The Housing Industry Association sees the New South Wales state election as an opportunity for political aspirants to "get serious" about their plans to improve the housing sector.
HIA NSW executive director David Bare said politicians should be able to propose plans to secure a more consistent delivery of residential housing supply to meet the underlying demand from a growing population.
"Whether it’s through home ownership or the provision of rental accommodation, NSW needs to maintain housing supply at around 50,000 new dwellings per annum year on year," he said.
Against the backdrop of increasing regulation, delays, uncertainty, and rising costs that all contribute to making housing less affordable, the state has to strike a perfect market balance by improving the construction sector, he said.
Aside from maintaining and delivering on housing supply targets, Bare identified four other imperatives that he said political players should start taking a closer look at.
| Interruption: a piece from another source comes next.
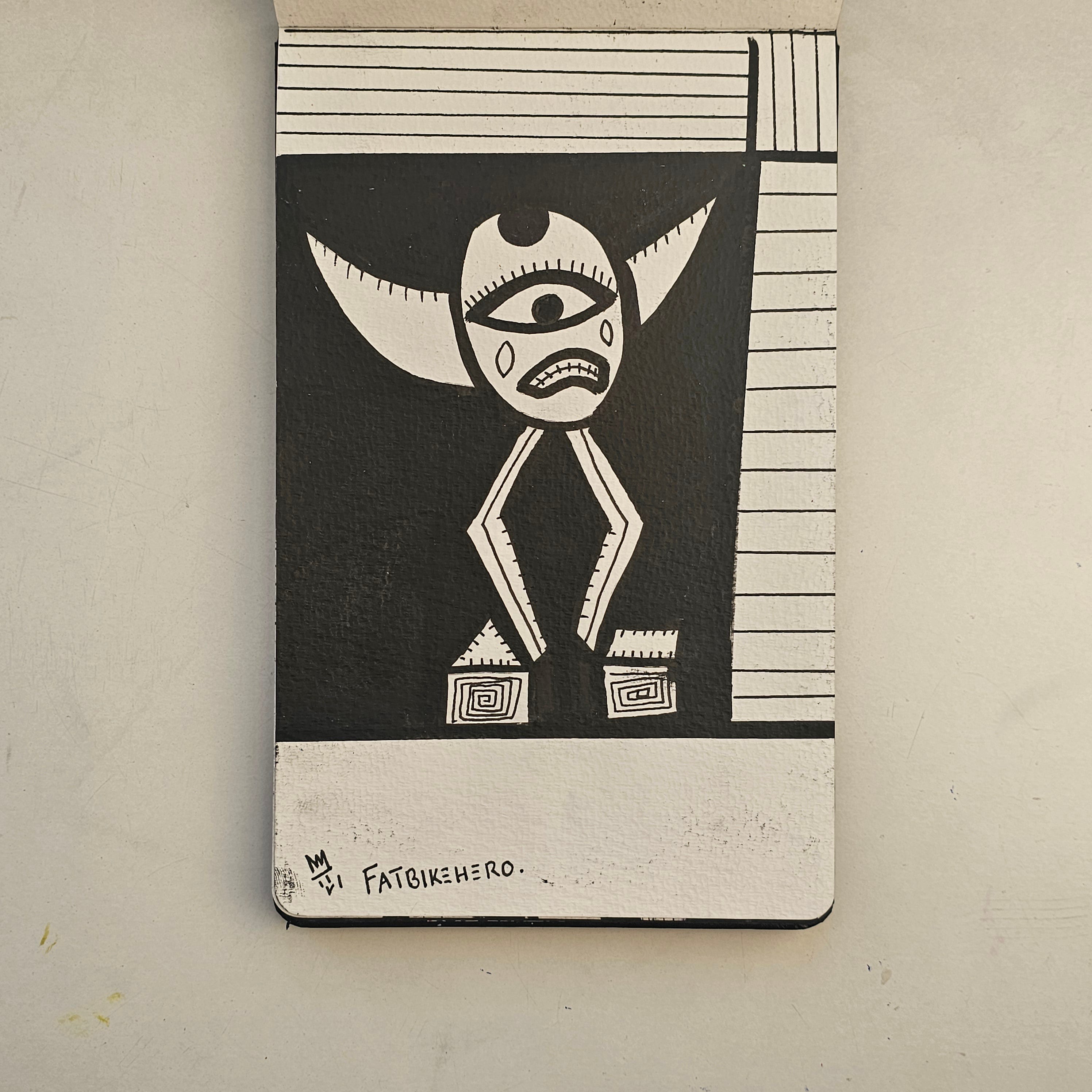 > Metadata: FatbikeHero (b. 1983), Weeping and Gnashing Teeth, 2026. Ink on Paper. Source: fatbikehero.com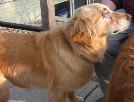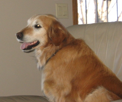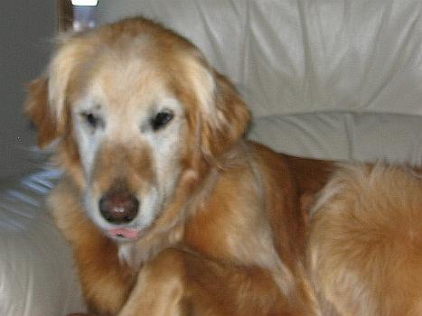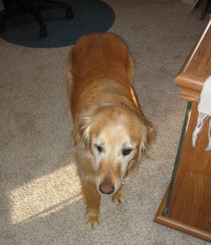 Emma is a very happy, beautiful, warm, loving, great dog. We are thinking she is more 7-9 years old however instead of the 6 originally thought. Emma has a great appetite too! She gets 3 smaller servings a day to get over the tremendous need to feed yet. Emma is on Nutra Natural Choice for Seniors with glucosamine. She has only had a 3-4 accidents in the house due to post-surgery and possible weaker bladder. Emma will definitely need a fenced yard, as she loves to lay outside in the sun and watch (one-eyed) the world go by and smell the air! She needs someone understanding of her past and current condition. She has the best personality you could want! Beautiful blonde Golden, great coat, great teeth and just perfect…

These include cutting red tape and taxes for the residential building sector; coordinating the delivery of land and residential infrastructure; improving the efficiency of planning systems and processes; and developing skilled trades force.
"It is critical that the state’s political leaders understand these simple facts and ensure their policy positions support new housing supply rather than use development and construction as political footballs," Bare said.
He expressed his hopes for the state to regain its position as the country's top state economically.
"A healthy supply of housing for its growing population and a healthy construction industry will go a long way to ensuring this goal is realised," he said.